◆ **DATA**:
• • • • • • •

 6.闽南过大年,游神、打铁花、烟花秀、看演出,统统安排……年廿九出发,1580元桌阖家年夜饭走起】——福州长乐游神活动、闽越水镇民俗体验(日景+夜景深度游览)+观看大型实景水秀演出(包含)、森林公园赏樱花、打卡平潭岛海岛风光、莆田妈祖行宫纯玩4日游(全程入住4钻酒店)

• • • • • • •

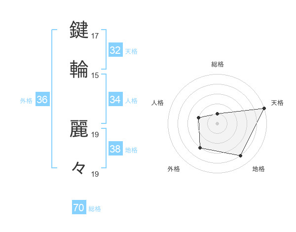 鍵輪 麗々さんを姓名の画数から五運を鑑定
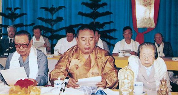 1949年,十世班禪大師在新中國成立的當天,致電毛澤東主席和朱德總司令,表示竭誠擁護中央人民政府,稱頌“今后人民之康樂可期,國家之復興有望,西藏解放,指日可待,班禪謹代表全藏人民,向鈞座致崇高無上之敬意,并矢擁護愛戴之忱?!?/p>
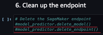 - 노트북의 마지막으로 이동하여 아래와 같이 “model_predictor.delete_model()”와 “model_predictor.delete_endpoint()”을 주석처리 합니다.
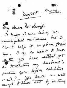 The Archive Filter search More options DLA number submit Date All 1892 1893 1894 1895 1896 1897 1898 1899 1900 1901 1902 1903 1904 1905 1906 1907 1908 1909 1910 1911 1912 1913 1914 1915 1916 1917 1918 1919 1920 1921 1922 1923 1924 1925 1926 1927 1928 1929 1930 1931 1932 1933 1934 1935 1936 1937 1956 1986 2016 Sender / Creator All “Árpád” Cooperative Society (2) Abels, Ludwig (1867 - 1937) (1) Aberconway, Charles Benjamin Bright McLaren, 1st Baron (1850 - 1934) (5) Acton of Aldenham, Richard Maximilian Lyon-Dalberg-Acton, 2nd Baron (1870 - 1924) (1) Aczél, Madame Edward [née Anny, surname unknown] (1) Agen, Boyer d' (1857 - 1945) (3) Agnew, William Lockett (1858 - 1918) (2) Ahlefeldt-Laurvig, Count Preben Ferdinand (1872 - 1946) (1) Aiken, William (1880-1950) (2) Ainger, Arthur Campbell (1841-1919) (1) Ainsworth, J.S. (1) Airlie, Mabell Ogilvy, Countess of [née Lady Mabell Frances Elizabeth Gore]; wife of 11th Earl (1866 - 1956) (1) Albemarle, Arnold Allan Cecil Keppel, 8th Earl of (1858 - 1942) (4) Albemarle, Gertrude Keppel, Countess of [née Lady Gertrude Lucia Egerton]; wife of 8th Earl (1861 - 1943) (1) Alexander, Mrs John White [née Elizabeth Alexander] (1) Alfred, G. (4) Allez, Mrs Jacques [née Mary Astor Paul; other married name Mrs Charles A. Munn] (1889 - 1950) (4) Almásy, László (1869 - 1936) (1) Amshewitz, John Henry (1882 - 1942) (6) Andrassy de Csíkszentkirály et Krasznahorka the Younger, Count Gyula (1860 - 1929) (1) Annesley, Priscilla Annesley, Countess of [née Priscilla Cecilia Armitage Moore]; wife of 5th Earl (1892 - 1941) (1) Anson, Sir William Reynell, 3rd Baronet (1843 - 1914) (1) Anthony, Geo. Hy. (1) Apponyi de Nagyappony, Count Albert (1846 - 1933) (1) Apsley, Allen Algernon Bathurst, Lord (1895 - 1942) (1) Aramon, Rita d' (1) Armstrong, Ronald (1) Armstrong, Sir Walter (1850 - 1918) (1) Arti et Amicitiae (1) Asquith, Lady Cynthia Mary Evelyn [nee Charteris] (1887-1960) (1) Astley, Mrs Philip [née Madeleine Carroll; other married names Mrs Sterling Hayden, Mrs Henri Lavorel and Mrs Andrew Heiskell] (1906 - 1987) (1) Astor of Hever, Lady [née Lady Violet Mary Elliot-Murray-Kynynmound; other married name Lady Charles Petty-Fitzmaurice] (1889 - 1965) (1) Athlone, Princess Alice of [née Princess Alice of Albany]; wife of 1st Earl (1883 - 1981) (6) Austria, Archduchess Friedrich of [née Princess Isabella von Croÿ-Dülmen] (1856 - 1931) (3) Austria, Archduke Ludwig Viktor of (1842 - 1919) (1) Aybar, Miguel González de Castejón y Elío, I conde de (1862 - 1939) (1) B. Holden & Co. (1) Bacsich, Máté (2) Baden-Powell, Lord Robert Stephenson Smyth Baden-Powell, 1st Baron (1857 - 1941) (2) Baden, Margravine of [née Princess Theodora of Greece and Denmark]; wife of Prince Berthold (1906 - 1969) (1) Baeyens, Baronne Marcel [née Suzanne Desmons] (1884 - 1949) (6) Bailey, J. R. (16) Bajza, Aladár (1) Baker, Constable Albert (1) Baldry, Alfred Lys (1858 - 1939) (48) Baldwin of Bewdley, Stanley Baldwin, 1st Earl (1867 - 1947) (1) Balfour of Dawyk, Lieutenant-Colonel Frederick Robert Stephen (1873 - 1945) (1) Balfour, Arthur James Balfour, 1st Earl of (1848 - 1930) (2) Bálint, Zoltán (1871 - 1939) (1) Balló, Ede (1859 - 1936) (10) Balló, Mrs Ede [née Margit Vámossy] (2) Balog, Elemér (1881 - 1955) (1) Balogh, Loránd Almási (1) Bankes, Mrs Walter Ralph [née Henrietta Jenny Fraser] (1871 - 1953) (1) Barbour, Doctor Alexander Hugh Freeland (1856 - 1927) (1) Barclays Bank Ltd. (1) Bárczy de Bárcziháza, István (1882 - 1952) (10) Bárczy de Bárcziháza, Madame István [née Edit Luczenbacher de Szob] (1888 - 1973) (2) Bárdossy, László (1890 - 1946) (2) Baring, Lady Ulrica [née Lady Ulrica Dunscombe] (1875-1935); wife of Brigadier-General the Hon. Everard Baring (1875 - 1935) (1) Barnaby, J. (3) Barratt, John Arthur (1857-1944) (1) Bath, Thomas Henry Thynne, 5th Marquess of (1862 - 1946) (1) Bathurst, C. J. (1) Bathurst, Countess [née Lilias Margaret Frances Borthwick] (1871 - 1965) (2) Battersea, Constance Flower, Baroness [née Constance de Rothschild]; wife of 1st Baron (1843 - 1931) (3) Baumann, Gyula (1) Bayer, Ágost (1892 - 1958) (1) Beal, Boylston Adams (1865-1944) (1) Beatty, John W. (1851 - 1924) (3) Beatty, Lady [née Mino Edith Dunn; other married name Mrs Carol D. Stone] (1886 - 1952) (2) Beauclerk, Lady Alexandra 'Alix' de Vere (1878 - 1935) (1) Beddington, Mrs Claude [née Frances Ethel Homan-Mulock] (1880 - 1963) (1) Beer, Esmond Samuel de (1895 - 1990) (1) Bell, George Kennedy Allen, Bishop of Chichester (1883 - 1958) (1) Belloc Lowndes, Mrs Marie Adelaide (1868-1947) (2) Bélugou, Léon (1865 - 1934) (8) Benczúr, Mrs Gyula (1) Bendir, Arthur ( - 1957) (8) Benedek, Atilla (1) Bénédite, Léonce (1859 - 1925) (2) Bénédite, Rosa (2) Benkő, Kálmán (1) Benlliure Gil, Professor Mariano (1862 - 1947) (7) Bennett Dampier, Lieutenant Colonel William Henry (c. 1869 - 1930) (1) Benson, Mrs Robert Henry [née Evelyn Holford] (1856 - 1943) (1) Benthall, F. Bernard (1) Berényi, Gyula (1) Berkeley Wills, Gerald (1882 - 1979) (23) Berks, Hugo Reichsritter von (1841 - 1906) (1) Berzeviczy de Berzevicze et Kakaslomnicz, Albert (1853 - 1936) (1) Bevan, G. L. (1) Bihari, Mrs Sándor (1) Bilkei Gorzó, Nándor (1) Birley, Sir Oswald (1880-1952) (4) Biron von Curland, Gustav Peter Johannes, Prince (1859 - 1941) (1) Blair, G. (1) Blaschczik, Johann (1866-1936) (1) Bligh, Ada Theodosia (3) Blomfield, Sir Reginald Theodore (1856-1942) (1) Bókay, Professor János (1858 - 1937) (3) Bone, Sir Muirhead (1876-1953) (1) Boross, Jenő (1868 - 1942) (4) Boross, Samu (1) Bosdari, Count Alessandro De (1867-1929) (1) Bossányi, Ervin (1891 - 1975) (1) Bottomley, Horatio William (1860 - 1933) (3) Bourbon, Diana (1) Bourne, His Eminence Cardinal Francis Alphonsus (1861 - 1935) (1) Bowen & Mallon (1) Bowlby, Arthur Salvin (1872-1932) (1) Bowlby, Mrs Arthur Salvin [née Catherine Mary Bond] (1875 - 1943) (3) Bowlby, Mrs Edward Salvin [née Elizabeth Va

• • • • • • •

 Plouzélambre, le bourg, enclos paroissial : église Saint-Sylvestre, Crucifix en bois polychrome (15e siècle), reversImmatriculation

• • • • • • •

◆ **DESCRIPTION OF THE TASK**: Please output, exactly as written, the lines above from the one holding "1949年,十世班禪大師在新" through the one holding "- 노트북의 마지막으로", both included, with the pictures omitted.

◆ **EXERCISE SOLUTION**:
 1949年,十世班禪大師在新中國成立的當天,致電毛澤東主席和朱德總司令,表示竭誠擁護中央人民政府,稱頌“今后人民之康樂可期,國家之復興有望,西藏解放,指日可待,班禪謹代表全藏人民,向鈞座致崇高無上之敬意,并矢擁護愛戴之忱?!?/p>
 - 노트북의 마지막으로 이동하여 아래와 같이 “model_predictor.delete_model()”와 “model_predictor.delete_endpoint()”을 주석처리 합니다.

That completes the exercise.